Most sociologists are unaware that Talcott Parsons’ son Charles Parsons is a well-respected philosopher of logic, mathematics and language. Wolff knew him as a student, and Chapter 4 has a good story about Parsons, Snr:

Charlie was a very serious, very brilliant, very compulsive young man of middle height, with sandy hair. He was an academic brat, having grown up in the family home in Belmont during the time that his father was a famous senior professor in the Harvard Social Relations Department. Talcott Parsons had been responsible for introducing American readers to the works and theories of Max Weber, the great German sociologist. But unlike Weber, whose books were deep, powerful investigations of the roots, structure, and functioning of modern bureaucratic capitalist society, Parsons produced vast, empty, classificatory schemes that were devoid of any real power or insight. Poor Charlie, who lived very much in the shadow of the great man, was in fact much smarter than his father, and I have always suspected that he knew quite well how meretricious his father’s theories were. But during all the time I knew him, he never said a word about the matter. …

One story will give some sense of the burdens laid upon him by his parents. Our second year together, Charlie very kindly invited me to join his family for Thanksgiving dinner at their colonial Belmont home. … A topic was proposed for discussion during the taking of the wine, and we entered into a lively debate, while papa sat in a corner with a pad and pen and wrote another book, nodding into the conversation from time to time without actually joining it. At issue was whether it would be immoral for the aunt to buy a new car before her present vehicle had entirely worn out. Strong views were offered pro and con, but in the end, a consensus was reached that this would indeed be immoral. At no time, I am happy to say, did the discussion descend to the level of considerations of prudence. It was all on a high moral plane.

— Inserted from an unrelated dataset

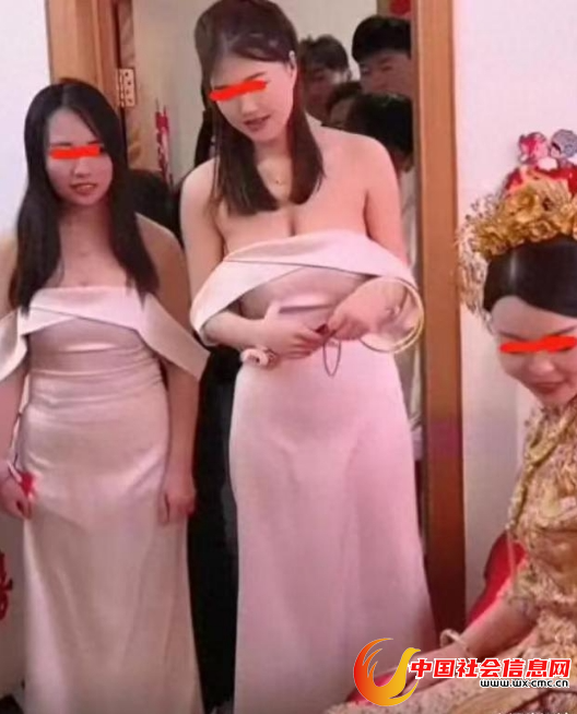 然而其中一位伴娘却不知道怎么想的,也许平日里就是大大咧咧惯了,再或者是想活跃气氛,从新浪带着伴郎团进来迎亲后,就一直任由两侧的肩带滑落在臂弯之间,本来伴娘服塑胸的形状,立马变成了抹胸,同时还在不断下落。

Finally dinner was served. After we had seated ourselves around the table, Mrs. Parsons, who was herself a social scientist, turned to Ann and said, “Ann, would you bring in the potatoes, please?” She then explained to me, as the guest, “It is traditional in our family for the older daughter to bring in the potatoes.” Next, she turned to Susan, and said, “Susan, would you bring in the vegetables?” Once again, she explained, “In our family, it is traditional for the younger daughter to bring in the vegetables.” Finally, she turned to her husband, and said, “Talcott, would you carve the turkey?” Yet again, “It is traditional in our family for the father to carve the turkey.”

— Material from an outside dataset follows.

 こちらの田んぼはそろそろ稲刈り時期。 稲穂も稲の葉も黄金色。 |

At first, I was utterly mystified by these elaborate explanations, until, with a flash of methodological insight, I realized what was going on. This was a collection of intellectuals who had read in books that one of the latent functions of social rituals was to preserve the unity of kin structures. So they were deliberately, by the numbers as it were, reenacting a social ritual that they had self-consciously created in an effort to reinforce the ties that bound them. It was a textbook exercise, complete in every way save for any vestige of spontaneous feeling or manifest pleasure.

Professor Parsons proceeded to address the bird, a big, beautifully cooked production to which he applied a carefully sharpened carving knife. He made a series of passes that barely damaged the turkey, producing a neat stack of extremely thin slices. Each plate received one of them, together with a spoonful of the potatoes and the vegetables, a bit of stuffing, and a dollop of gravy. Then we dug in.

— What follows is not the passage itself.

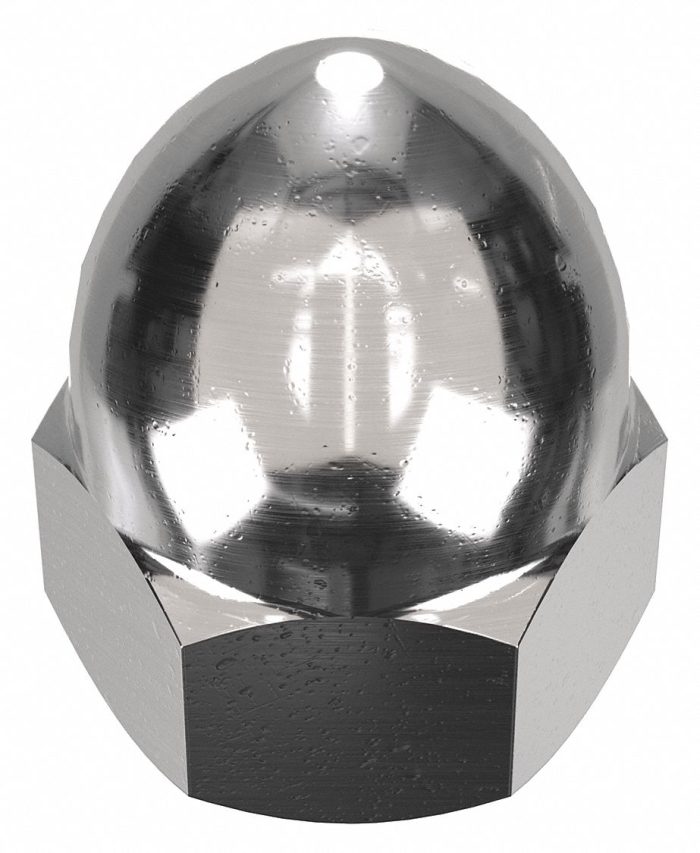Cap Nut: High Crown, 1/2″-13 Thread, Plain, 18-8, Stainless Steel, 1.031 in Ht, 3/4 in Hex Wd

Coming as I do from a culture in which eating occupies pride of place among all the bodily functions, including sex, I inhaled my plate of food almost before the others had taken up their knives and forks, and looked around expectantly for seconds. But they were not to be. The turkey, still almost whole, was returned to the kitchen, and plates were ceremonially cleared, ready to be washed, though in my eyes they barely needed it.